## 8. Conclusion & Recommendations

From the evaluation metrics (R² and RMSE), the performance summary is as follows:

| Model | R² (↑ better) | RMSE (↓ better) | Remarks |
|:------|:--------------:|:---------------:|:--------|
| **Linear Regression** | ~0.852 | ~1403.6 | Simple and interpretable baseline model |
| **Polynomial Regression (degree=2)** | ~0.910 | ~1095.7 | Best predictive performance, but higher model complexity |
| **Ridge Regression** | ~0.852 | ~1403.7 | Similar to Linear; helps with multicollinearity |
| **Lasso Regression** | ~0.852 | ~1403.6 | Similar to Ridge; adds feature selection (sparse coefficients) |

---

### Interpretation

- **Polynomial Regression** achieved the **highest R² (≈0.91)** and the **lowest RMSE (≈1095)**, indicating it captures non-linear relationships in the data effectively.  
- **Linear Regression**, while simpler, still performs decently and is easier to explain — suitable if interpretability is prioritized.  
- **Ridge and Lasso** provided minimal performance gains, implying the dataset doesn’t suffer heavily from overfitting or multicollinearity.

---

### Final Recommendation

- For **predictive accuracy**, **Polynomial Regression** is the most suitable model.  
- For **interpretability and production simplicity**, **Linear Regression** remains a solid choice.  
- Ridge and Lasso are beneficial for regularization but not strictly necessary here.

---

**In summary:**  
> The price of used Toyota cars is most strongly influenced by **Age, Weight, KM, and Horsepower**.  
> Polynomial relationships improve prediction accuracy, suggesting that depreciation and wear effects are **non-linear** in nature.

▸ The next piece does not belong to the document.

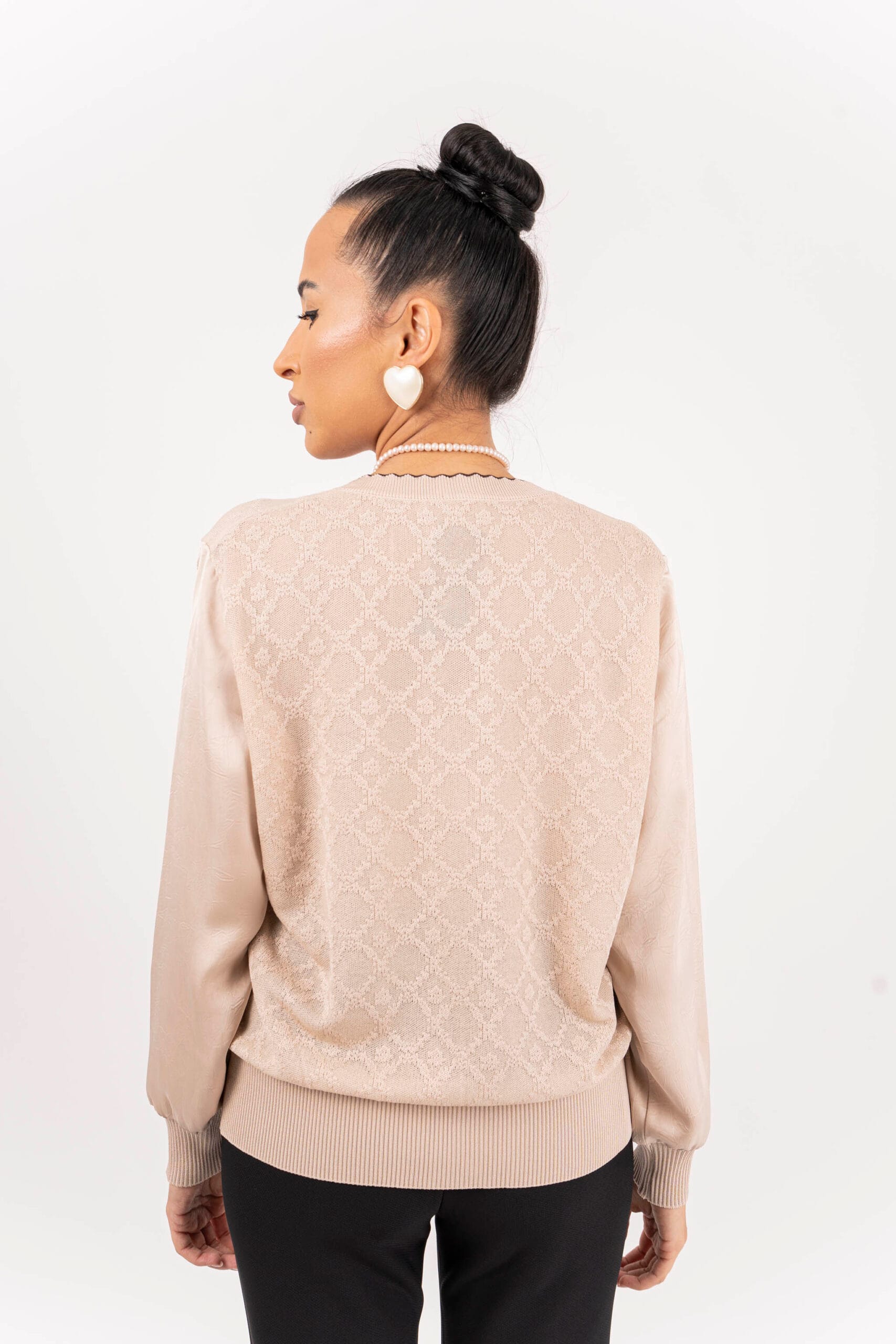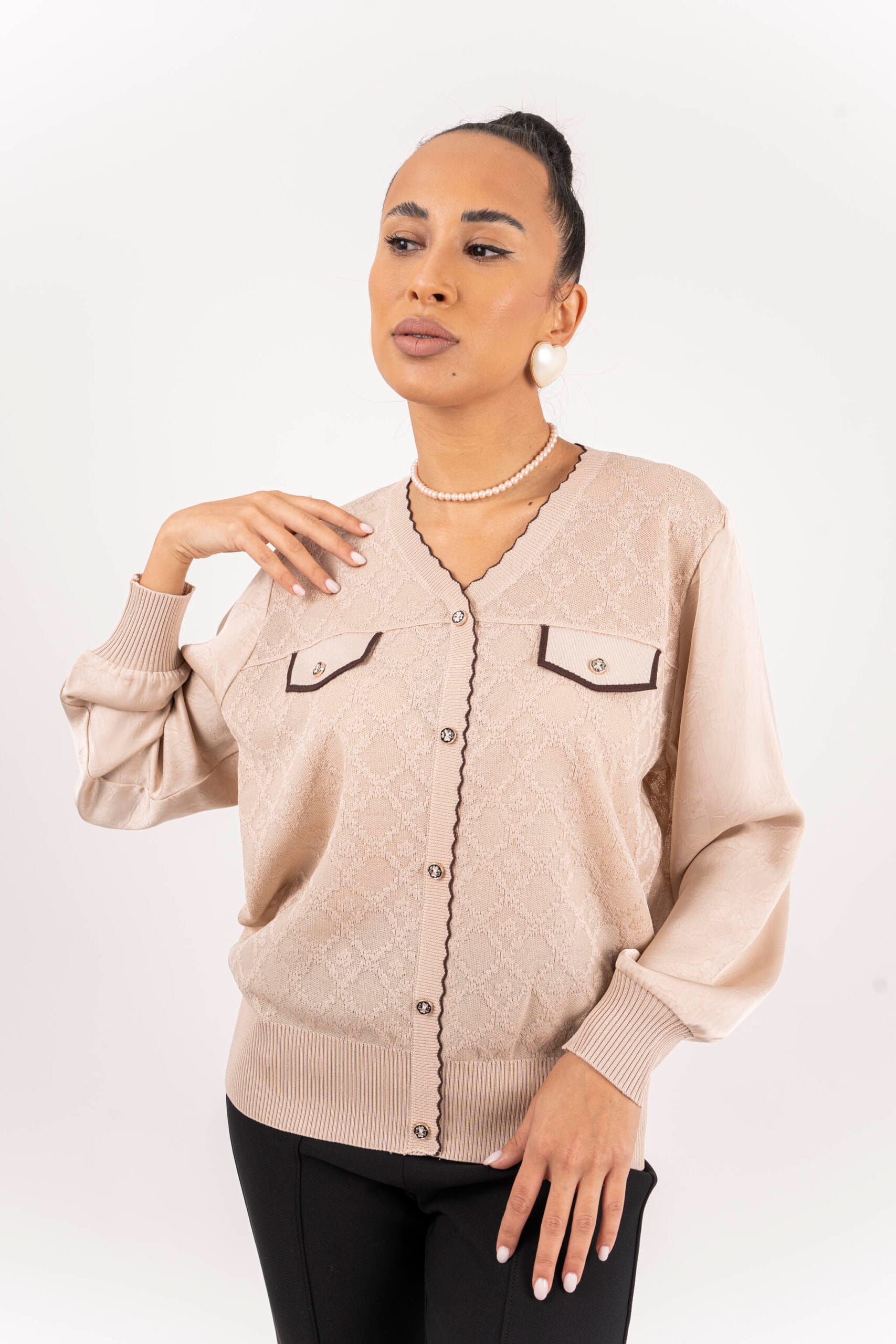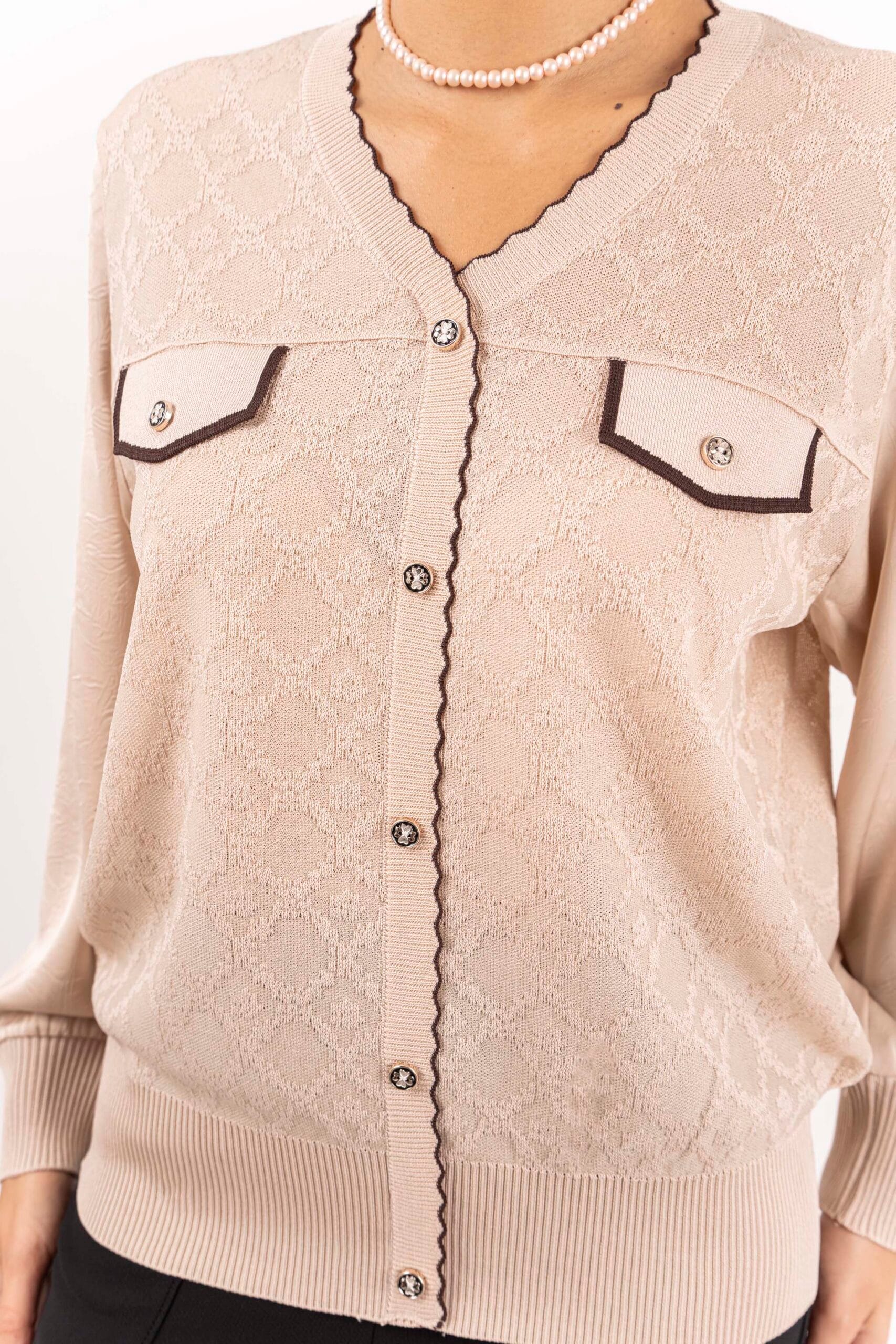 Елегантна бежова блуза тип жилетка с ефектни копчета със златист ефект.

## 9. Conclusion & Next Steps

### Summary of Findings

This project focused on predicting **used Toyota Corolla car prices** using multiple regression models.  
After cleaning, encoding, and scaling the dataset, we evaluated several algorithms:

| Model | R² (↑ better) | RMSE (↓ better) | Remarks |
|:------|:--------------:|:---------------:|:--------|
| **Linear Regression** | ~0.852 | ~1403.6 | Simple, transparent, and interpretable baseline |
| **Polynomial Regression (degree=2)** | ~0.910 | ~1095.7 | Best overall performance, captures non-linearity effectively |
| **Ridge Regression** | ~0.852 | ~1403.7 | Stabilizes coefficients, minimal improvement |
| **Lasso Regression** | ~0.852 | ~1403.6 | Adds feature selection; performs similarly to Ridge |

**Key Influencing Factors:**  
- **Age_08_04 (Car Age)** — strongest negative impact on price (older cars depreciate).  
- **Weight** — positively correlated with price (heavier, often higher-end models).  
- **KM** — higher mileage reduces price significantly.  
- **HP** — higher horsepower slightly increases resale value.

---

### Next Steps / Future Improvements

To further refine the model and make it deployment-ready:

1. **Hyperparameter Tuning:**  
   Use `GridSearchCV` or `RandomizedSearchCV` to optimize Ridge/Lasso α values, polynomial degree, and cross-validation folds.

2. **Cross-Validation:**  
   Implement `KFold` or `cross_val_score` to ensure model generalization and prevent overfitting.

3. **Pipeline Creation:**  
   Build a complete `sklearn.pipeline` integrating preprocessing, scaling, and model training for reproducibility.

4. **Feature Engineering:**  
   - Introduce interaction terms (e.g., `Age × KM`) for nuanced relationships.  
   - Test log-transforms for skewed variables like `Price` or `KM`.

5. **Model Export:**  
   Save the trained model using `joblib` or `pickle`:
   ```python
   import joblib
   joblib.dump(best_model, 'toyota_price_model.pkl')
   ```

---

### Final Note

The final model demonstrates that **car depreciation is not purely linear**, and incorporating non-linear terms greatly improves accuracy.  
Further validation and tuning can make this model production-ready for **used car price prediction systems**.